Text Processing

Matheus Marabesi and Emmanuel Valverde

Matheus Marabesi and Emmanuel Valverde

See author's bio and posts

Introduction

As a developer that writes blog posts I want a tool that helps me to understand better the text I am writing. For that I need a way to know the following:

  1. What are the most common words used in the text?
  2. How many characters does the text have?
interface Processor {
analyse(text: string);
}

The usage of such interface is not required.

First challenge

Given the following text:

Hello, this is an example for you to practice. You should grab this text and make it as your test case.

The output should be:

Those are the top 10 words used:

1. you
2. this
3. your
4. to
5. text
6. test
7. should
8. practice
9. make
10. it

The text has in total 21 words

Some side notes:

  • As you may have noticed, the example assumes that You and you are the same, in other words, it's not case sensitive.
  • There is no order in which the words that have the same number are listed. For example, this and it, appear once, and they are not alphabetically ordered.

Next up, the kata starts to be a bit more complex.

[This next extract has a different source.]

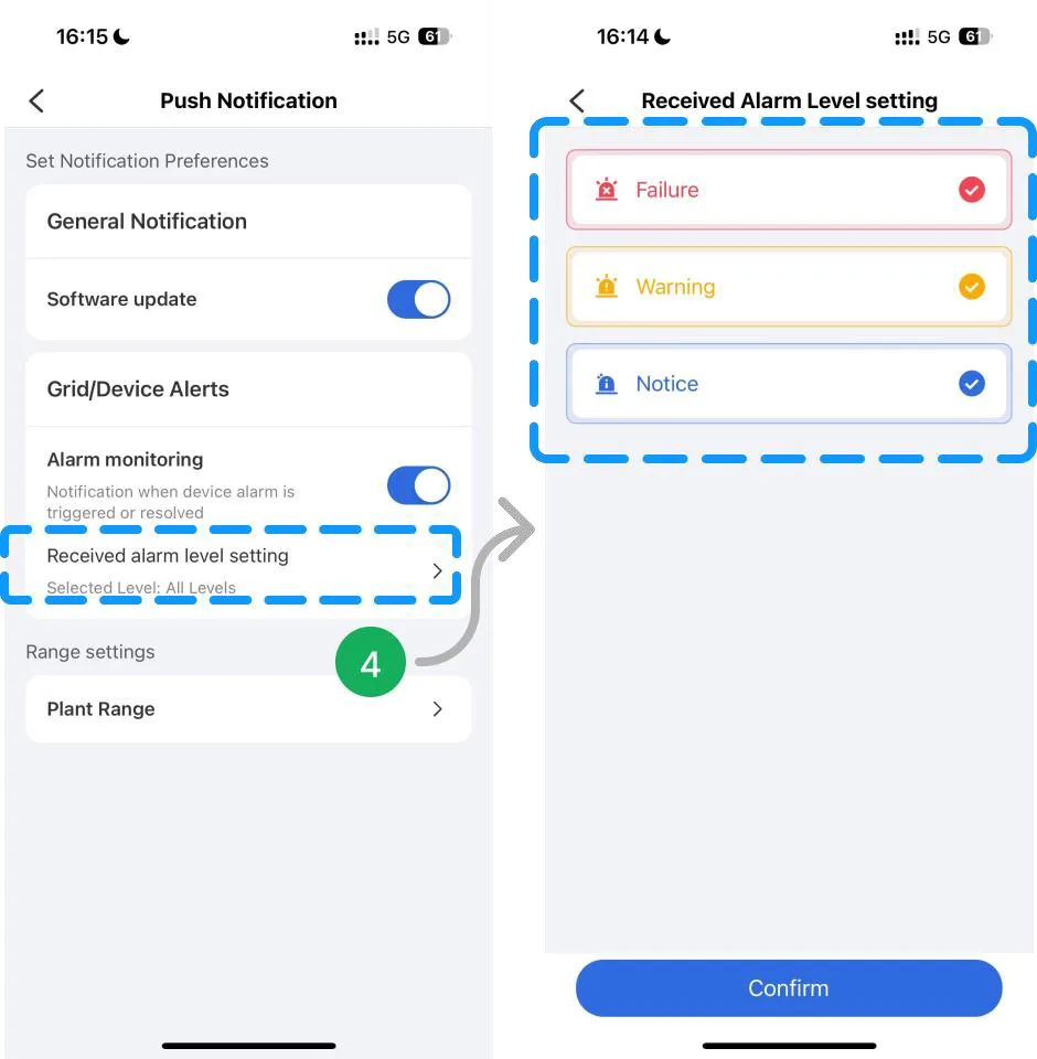 - ⚠️ Paso 4: «Configuración de nivel de alarma recibida» se puede usar para configurar el nivel de alarma.

Make sure to complete this challenge first before going on into the second.

Second challenge

Now I would like to know how much time would it take the user to read my post, for that I should apply the following formula:

(The average reading rate is actually 238, according to this study, but 200 is a nice compromise and is easier to remember.)

Here's the formula:

  • Get your total word count (including the headline and subhead).
  • Divide total word count by 200. The number before the decimal is your minutes.
  • Take the decimal points and multiply that number by .60. That will give you your seconds.

Example:

783 words ÷ 200 = 3.915 (3 = 3 minutes)
.915 × .60 = .549 (a little over 54 seconds, so I'd bump it up to 60 seconds, or a full minute)

reading time for this example article is 4 minutes.

Third challenge

Besides the previous features, the text processing also should have:

  • A way to ignore a given piece of text to analyse (For example, a code snippets - the code snippet is in between javascript anything inside should be ignored)
  • A way to offer stop words and remove them from the analysis

Given the example for 1, this would be a text with code snippets:

Hello, this is an example for you to practice. You should grab
this text and make it as your test case:

if (true) {
console.log('should should should')
}

The text processing output should ignore the code snippet. Meaning, that the output should be:

Those are the top 10 words used:

1. you
2. this
3. your
4. to
5. text
6. test
7. should
8. practice
9. make
10. it

The text has in total 21 words

Note that, the word should is the same, and it does not goes up in the list as should appears four times (more than the word you).